LBB> And how does that journey impact on the way you approach your current role?  


Richard> Solutions always evolve, validating the thinking with data, proof of concepts, ways of working have all been taken from design and development. No developer stands still, within six to 12 months a newer more efficient code base would have landed. Design methodologies and great creative thinking can stand the best of times, however they can be evolved, but the baseline is always there. 

As much as my title says I’m a delivery guy, the term in itself is very broad or at least that’s my interpretation of it. A challenge is a challenge, whether it falls specifically under my discipline is irrelevant. Having an opinion and being able to prove a value by enabling a suitable solution for the time is how my experience has impacted my approach.
 

LBB> Last time we spoke you told me you're passionate about using XD to create 'holistic solutions'. Can you expand on what you mean by that?

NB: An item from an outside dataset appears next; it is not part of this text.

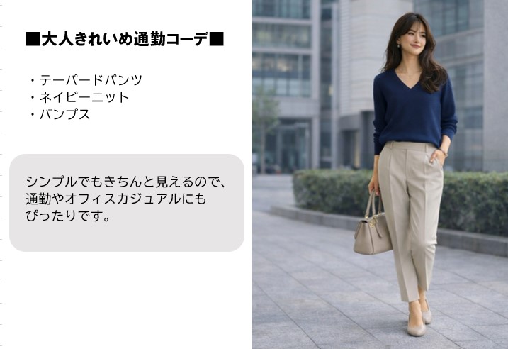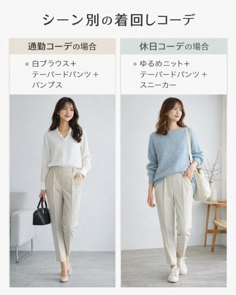 テーパードパンツは、通勤・普段着・きちんとシーンまで使える万能アイテム。

Richard> Adobe has various tools that enable a great community and can foster change within an organisation. If you drill down to what the tools are essentially there to do, it’s to create efficiencies. Provide the user(s) the ability to be creative whilst driving efficiencies across various formats and mediums throughout an agency or organisation. XD could be the glue to the Adobe Experience. In larger organisations, you tend to find that companies will invest in tech stack to enable consistency and connectivity. Integration is always a keyword. Leveraging the best of those tools by enabling that connective glue could change the game.
 
Imagine this, an agency is asked to globally change the identity of a brand. What exactly does that mean? Well for starters, all internal and external materials, logos, printed materials, templates, websites (how many?!)… the list can be enormous and before all of those changes are actually implemented, it assumes we have a flexible design finalised and ready to go. What if, in a single application, we can instantly ripple all changes through Style Libraries and be directly injected into departments for shopper / commerce / web: i.e. directly into AEM development program. Imagine the efficiencies.
 

LBB> When it comes to behaviour change around new technologies, what have you found are the most important considerations to make that change go more smoothly?

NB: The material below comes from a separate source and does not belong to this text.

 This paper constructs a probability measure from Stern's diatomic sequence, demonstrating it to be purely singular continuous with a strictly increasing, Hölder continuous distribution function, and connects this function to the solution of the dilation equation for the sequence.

Richard> Belief. Change happens for various reasons, in some cases, like this year, choice or lack of choice forces behaviour change and creates adoption. In most other circumstances, it’s creating belief. If you, and your team or your organisation believes in the change, the positivity will drive willingness to ensure adoption is successful. This goes back to being able to prove the solution meets the challenge and, at the time, is at very least the most pragmatic solution available.  

 

LBB> Ultimately WPP's relationship with clients like GSK is to help them sell more, of course. But beyond that, how do you see the company, through your work with WPP, genuinely improving the world? 

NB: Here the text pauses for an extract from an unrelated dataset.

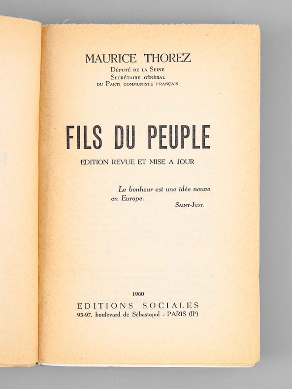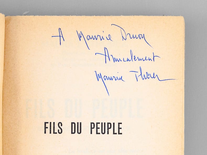 Remarquable exemplaire dédicacé par le Secrétaire Général du Parti Communiste Français "à Maurice Druon, amicalement". Superbe provenance, de la bibliothèque du grand écrivain Maurice Druon, Secrétaire Perpétuel de l'Académie Française de 1985 à 1999 et immortel auteur avec son oncle Joseph Kessel du "Chant des Partisans"

Richard> For me it’s about partnership and realising potential with true global data and some of the best creative thinkers from around the world. You always hear of proactive briefs or when an agency thinks a particular idea would be perfect for a client, in most cases, it’s not about sales, it’s about the greater good. Sustainability, diversity and inclusion, behavioural excellence etc. Unity is something we could all do with more of. If clients can achieve their goals, their ethical values will naturally improve the challenges and impact on the world.
 

LBB> How has Covid-19 and lockdown changed the way you work and the way you think about the work you do?


Richard> The always on mentality has gone into overdrive. As much as “holiday” time has been taken, I’m still finding myself checking in on the team as it's an extremely difficult environment right now for everyone. The importance of checking mental wellbeing and active listening has never been more needed. The ability to be able to find long term stable solutions has become more challenging however it has fostered a dramatic turnaround for rapid trial and error solutions.
 
It has also made me think I need to automate much more of what I do so that there’s a quick driven response that is actually useful. In short, creating common logic and knowledge base into a bot driven mechanic.